Today, write a small text talk address string and string constants.
In C / C ++ in a string constant represents the address of the first element of the string, just like the name of the pointer char, char array name indicates the address of the first element as a string.
Want to print an address, with a simple cout << address; you can get the statement;
However, the following two statements that will print the entire string
char a[20] = "1234"; cout << a << endl; char *p = a; cout << p << endl;
This is also a character array and an array of other different places, then the address of the string how to get it?
Here are two ways to reference
cout << (int*)a << endl; cout << &a << endl;
Both methods can be printed out correctly "address of the string," but there are subtle differences place
In a character array, a represents the first address of a character, a + 1 represents the address of the second character;
In the first statement of the print address, (int *) a only acts as a cast, in other words, a represents the address of the first character, but cout << a; output the entire string is this is because the address is of type char *, cout recognition to type char * address will be printed automatically from the beginning of the address space of the points until it encounters '\ 0' string contents , so here we only need a casts (here, for example cast int *, can be converted to other types of indicators, if not char *, double * may be even print the correct address). So if you want to address the second character of it, cout << (int *) ( a + 1); can be friends
The second print statement addresses, the direct use & a; It should be emphasized that the addresses are the first element of the array regardless of any array name indicated, & is the address of the array array name indicates, though both print out the same address, but if the pointer arithmetic difference to other days , and look at the code following effects
int a[10]; cout << "a is: " << a << " a+1 is: " << a+1 << endl; cout << "&a is: " << &a << " &a+1 is: " << &a+1 << endl;
Map with the truth, a + 1 backward movement only four bytes, and & a + 1 directly moved backward by 40 bytes, the address of the entire array is the array name & representation. So by the same token & character array name you can also print out the address of the string.

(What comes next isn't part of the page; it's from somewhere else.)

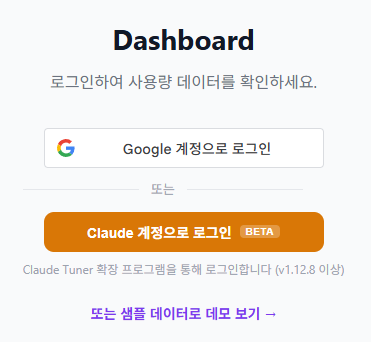Claude Tuner 확장 프로그램(v1.12.8 이상)이 설치되어 있고, Claude.ai에 로그인된 상태라면 로그인 화면에서 "Claude 계정으로 로그인" 버튼이 표시됩니다.

The following talk string constants, static storage area in the first, second, string storage can not be modified.
And thus a few sentences below
char a[20] = "1234"; char * p = "1234"; const char * p = "1234";
The first statement Needless to say, very common, and correct, which twenty-three statement to which it wrong.
At first I thought plus without const does not matter, anyway, is wrong, then think very fine fear, really is poor knowledge limits the imagination;
Beginning I think the reason behind the two is wrong because not seen, looking like a * p assigned to a "1234", and can not, this is what, in short, is looking at the strange;
So here it involves a knowledge of the point mentioned at the beginning; in C / C ++ in a string constant represents the address of the first element of the string, just like the name char pointer, char array name indicates the character the same address of the first element of the string
So this time will understand, saw that it was "1234", in fact, is essentially a "1234" address of the first character, then type char * pointer p pointing to "1234" there is no problem anymore address to address Well, but after compiling a mistake, on the grounds that "1234" is a constant, so adding the const-qualified.

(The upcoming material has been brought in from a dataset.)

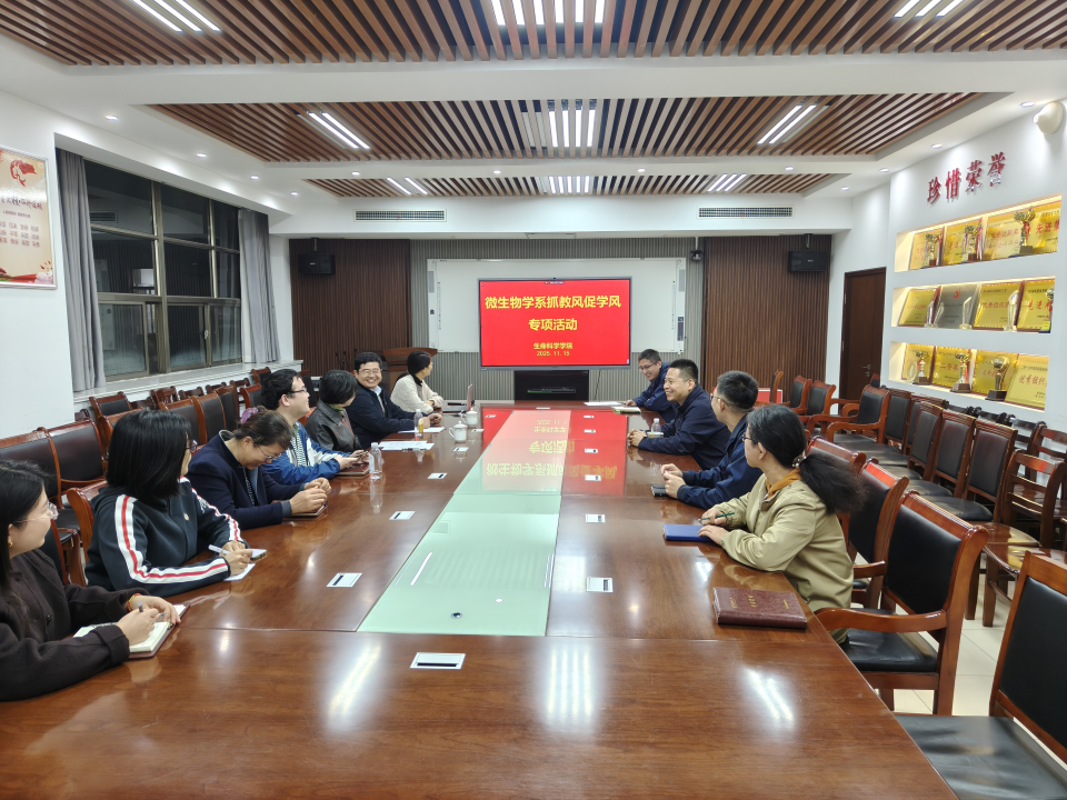 为深入贯彻落实学校关于“抓教风、促学风”专项行动要求,微生物系于2025年5月开始组织开展专项行动,通过系统化部署、精准化落实,各项工作有序推进,教风学风建设取得了阶段性成效。2025年11月15日,微生物学系在学院资料室召开“抓教风、促学风”专项行动总结会,系主任王光远主持会议,杨松院长列席会议并进行性了指导。

Here we must add about why const limited only correct, if not, then the type of match is, why it will complain, so there need to re-emphasize, "1234" is a string constant, constant can not be modified , if the char * p = "1234"; compiled successfully, it means that "1234" may be modified, but this is not allowed, it must obey plus the const qualifier to make the system feel at ease is the thing.
Huh? Constants can not be modified to add const qualifier can, why we have been with the first statement is correct and has never been reported to miss it?
The difference between the first and third sentence of this statement we should talk about it, "1234" is a string constant, constant stored in the static storage area, address
The third statement is to make a constant pointers directly to static memory address "1234", because it is directly to deity address, so to add const qualifier
And a copy of the first statement sucked static storage area "1234" out to replicate in a character array, so this initialization can be altered copy after "1234", this does not affect the real "1234" ;
True false address address cout will know
. 1 char a [ 20 is ] = " 1234 " ; 2 const char * P = " 1234 " ; . 3 COUT << endl << & a; // Get a character array address . 4 COUT & << " 1234 " << endl; // Get "1234" in the address of the static memory . 5 . 6 // again to test a string constant for the address of the first element of the string . 7 COUT * << " 1234 " << endl; . 8 COUT << * ( " 1234 "+1) << endl;
OK, obviously a copy of the "1234" with the deity different from "1234" address, but also a lot worse a lot of address bits, certainly across the memory area of the rearmost two rows wanted conclusion has been verified, practice makes perfect, really I live up to stay up to 12 points.